Supplied data >>
•••••

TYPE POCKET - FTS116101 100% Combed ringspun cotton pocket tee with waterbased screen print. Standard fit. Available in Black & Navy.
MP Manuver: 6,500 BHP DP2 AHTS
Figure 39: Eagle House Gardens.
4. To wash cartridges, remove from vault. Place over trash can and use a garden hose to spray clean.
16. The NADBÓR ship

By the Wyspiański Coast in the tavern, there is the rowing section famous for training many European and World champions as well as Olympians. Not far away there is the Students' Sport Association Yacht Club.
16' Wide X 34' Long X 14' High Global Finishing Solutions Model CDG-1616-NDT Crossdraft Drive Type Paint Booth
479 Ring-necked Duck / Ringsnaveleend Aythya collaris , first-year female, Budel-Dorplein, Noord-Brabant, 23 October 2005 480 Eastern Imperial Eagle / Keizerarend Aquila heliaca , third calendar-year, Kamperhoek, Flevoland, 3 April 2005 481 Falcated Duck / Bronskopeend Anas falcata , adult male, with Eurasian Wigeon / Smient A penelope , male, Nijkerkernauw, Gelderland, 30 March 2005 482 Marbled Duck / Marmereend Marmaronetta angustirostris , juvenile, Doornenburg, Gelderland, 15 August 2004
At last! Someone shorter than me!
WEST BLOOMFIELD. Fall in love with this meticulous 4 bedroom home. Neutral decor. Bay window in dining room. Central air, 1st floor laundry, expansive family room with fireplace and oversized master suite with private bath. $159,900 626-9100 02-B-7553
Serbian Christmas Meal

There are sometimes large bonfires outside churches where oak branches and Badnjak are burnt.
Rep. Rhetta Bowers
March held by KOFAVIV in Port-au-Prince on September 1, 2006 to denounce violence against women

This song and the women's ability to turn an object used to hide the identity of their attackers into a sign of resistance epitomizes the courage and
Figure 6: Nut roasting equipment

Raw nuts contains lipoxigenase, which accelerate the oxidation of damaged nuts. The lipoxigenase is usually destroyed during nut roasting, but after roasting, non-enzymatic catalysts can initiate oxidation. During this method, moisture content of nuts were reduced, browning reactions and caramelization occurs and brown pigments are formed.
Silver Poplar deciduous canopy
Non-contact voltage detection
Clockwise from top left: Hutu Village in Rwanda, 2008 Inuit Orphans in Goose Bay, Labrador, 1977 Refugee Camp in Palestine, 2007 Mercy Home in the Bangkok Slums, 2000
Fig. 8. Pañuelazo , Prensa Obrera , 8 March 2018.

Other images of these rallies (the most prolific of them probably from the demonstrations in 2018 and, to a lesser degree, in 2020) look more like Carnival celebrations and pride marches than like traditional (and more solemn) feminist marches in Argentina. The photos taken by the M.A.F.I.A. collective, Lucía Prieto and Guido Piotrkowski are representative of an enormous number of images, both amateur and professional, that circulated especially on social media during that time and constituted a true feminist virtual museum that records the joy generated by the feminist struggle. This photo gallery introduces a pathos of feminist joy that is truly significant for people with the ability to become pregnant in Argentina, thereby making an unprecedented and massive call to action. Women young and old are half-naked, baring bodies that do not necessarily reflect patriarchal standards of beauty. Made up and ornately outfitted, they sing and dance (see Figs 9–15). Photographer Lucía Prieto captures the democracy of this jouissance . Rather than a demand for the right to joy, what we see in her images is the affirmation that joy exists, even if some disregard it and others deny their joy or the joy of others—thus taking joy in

•••••

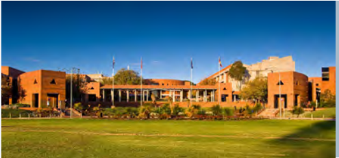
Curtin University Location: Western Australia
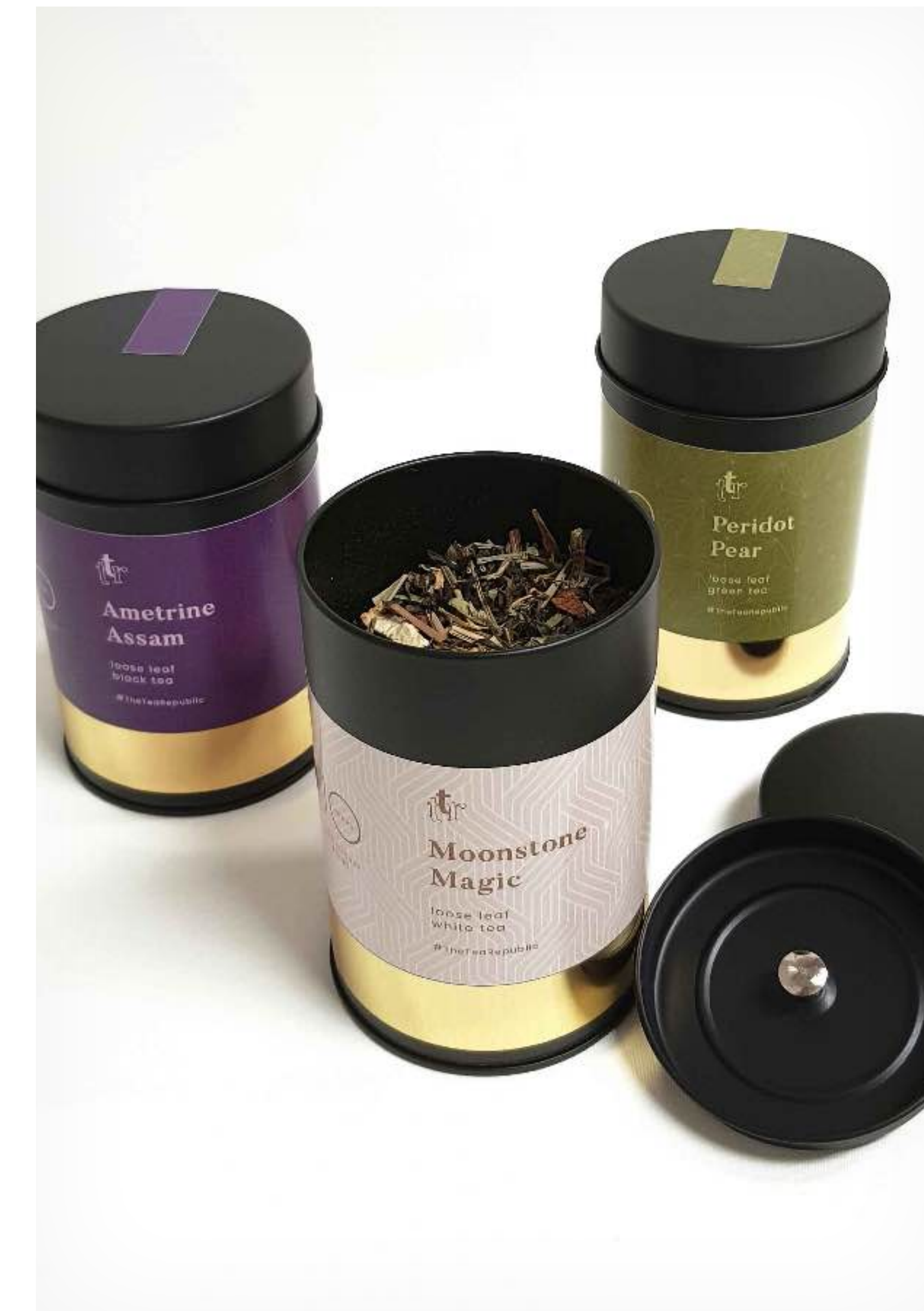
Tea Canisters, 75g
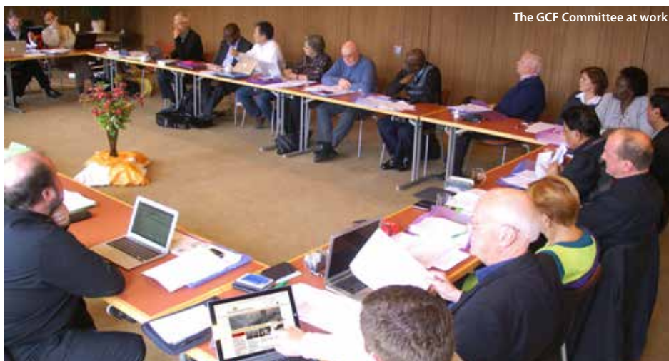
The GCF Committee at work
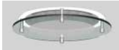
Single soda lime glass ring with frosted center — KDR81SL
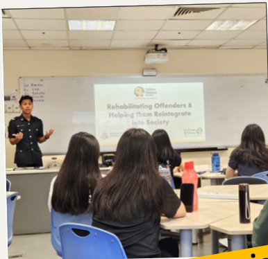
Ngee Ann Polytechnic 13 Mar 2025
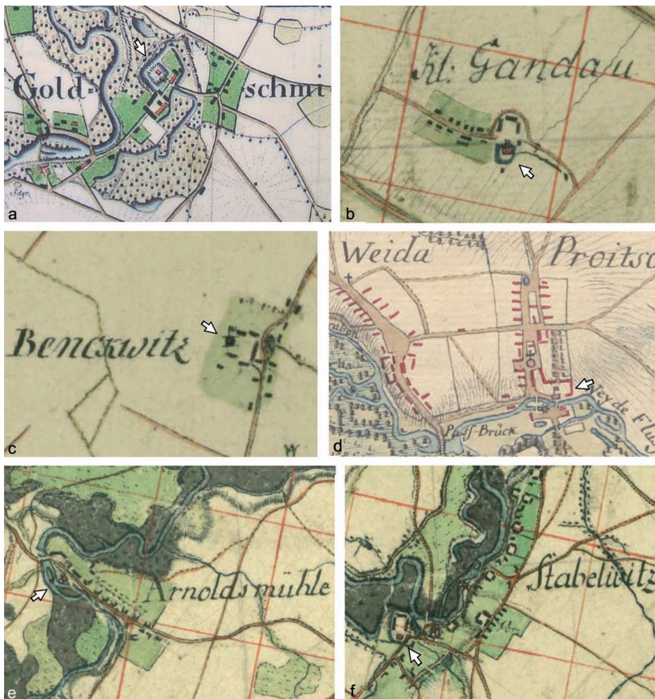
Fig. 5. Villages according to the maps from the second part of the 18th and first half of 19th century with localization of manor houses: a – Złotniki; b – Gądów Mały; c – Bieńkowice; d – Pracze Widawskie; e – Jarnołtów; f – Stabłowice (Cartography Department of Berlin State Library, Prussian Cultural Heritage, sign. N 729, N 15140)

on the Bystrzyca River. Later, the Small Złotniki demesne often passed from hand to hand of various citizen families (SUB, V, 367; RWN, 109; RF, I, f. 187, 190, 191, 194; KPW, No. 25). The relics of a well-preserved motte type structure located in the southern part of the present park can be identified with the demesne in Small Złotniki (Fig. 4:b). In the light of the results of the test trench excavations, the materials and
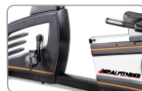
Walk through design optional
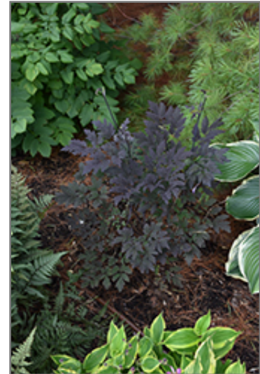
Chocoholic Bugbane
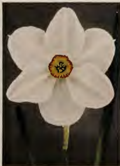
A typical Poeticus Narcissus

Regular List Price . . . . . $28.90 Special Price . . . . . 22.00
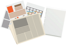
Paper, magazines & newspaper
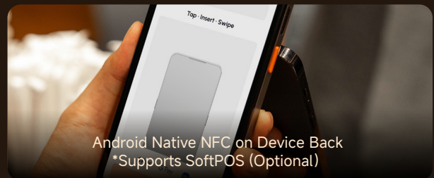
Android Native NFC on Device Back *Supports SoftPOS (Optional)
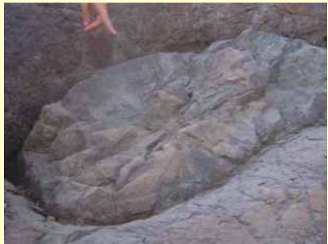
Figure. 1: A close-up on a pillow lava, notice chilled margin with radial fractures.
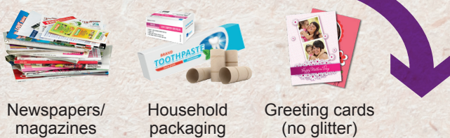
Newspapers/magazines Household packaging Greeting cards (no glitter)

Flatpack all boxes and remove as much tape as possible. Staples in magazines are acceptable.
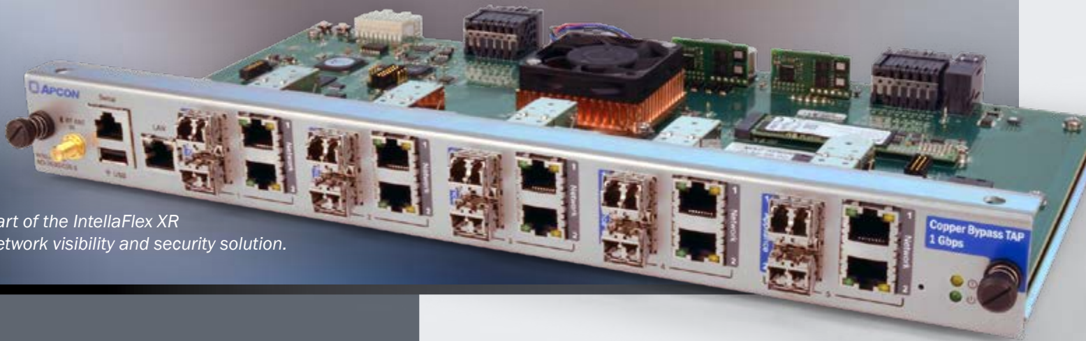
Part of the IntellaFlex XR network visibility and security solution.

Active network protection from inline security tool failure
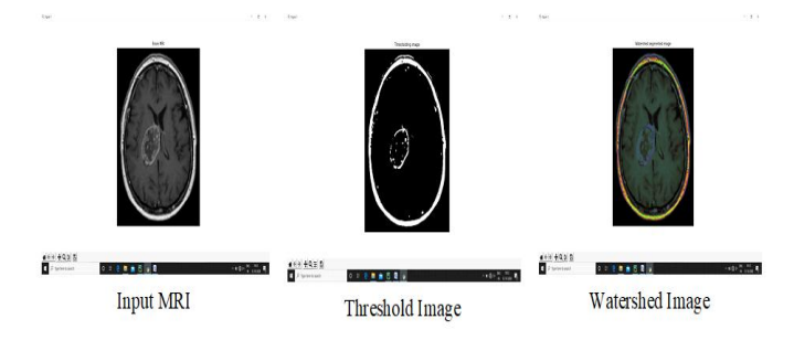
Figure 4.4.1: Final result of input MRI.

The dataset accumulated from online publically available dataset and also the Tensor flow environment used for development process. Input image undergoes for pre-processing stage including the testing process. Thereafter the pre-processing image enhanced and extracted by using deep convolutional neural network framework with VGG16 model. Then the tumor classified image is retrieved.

•••••

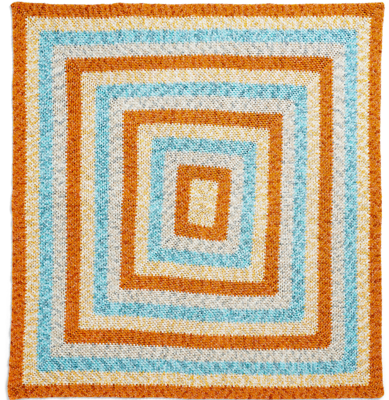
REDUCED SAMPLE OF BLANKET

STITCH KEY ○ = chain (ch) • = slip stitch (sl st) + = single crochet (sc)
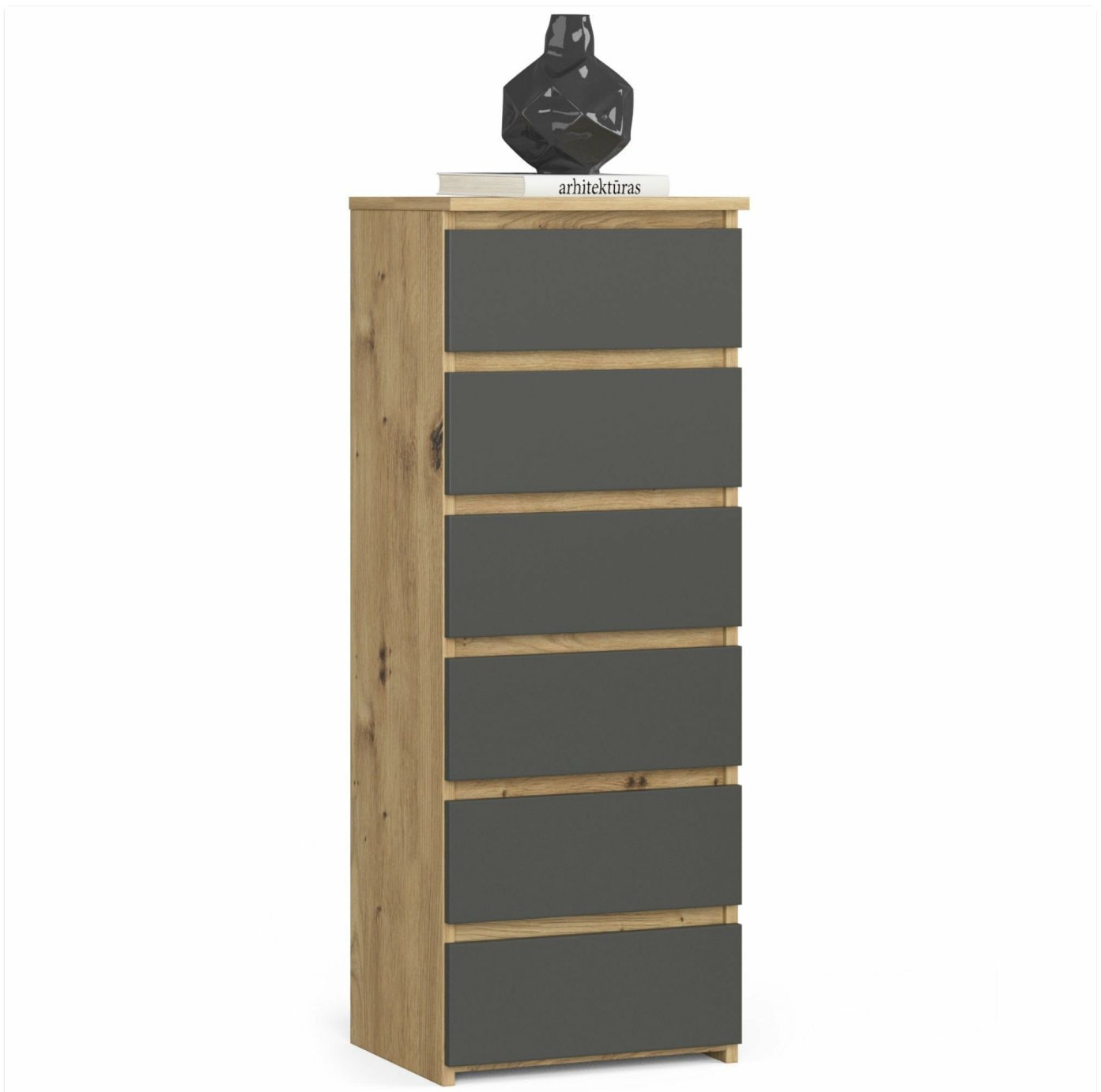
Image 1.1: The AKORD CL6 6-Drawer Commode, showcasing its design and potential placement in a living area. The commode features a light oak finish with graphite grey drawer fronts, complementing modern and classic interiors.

•••••

Aim of the exercise >>
Your answer is the exact run of lines above from the one with "Paper, magazines & newspaper" through the one with "The dataset accumulated", both ends included, minus any picture.

Final answer >>
Paper, magazines & newspaper
Android Native NFC on Device Back *Supports SoftPOS (Optional)
Figure. 1: A close-up on a pillow lava, notice chilled margin with radial fractures.
Newspapers/magazines Household packaging Greeting cards (no glitter)

Flatpack all boxes and remove as much tape as possible. Staples in magazines are acceptable.
Part of the IntellaFlex XR network visibility and security solution.

Active network protection from inline security tool failure
Figure 4.4.1: Final result of input MRI.

The dataset accumulated from online publically available dataset and also the Tensor flow environment used for development process. Input image undergoes for pre-processing stage including the testing process. Thereafter the pre-processing image enhanced and extracted by using deep convolutional neural network framework with VGG16 model. Then the tumor classified image is retrieved.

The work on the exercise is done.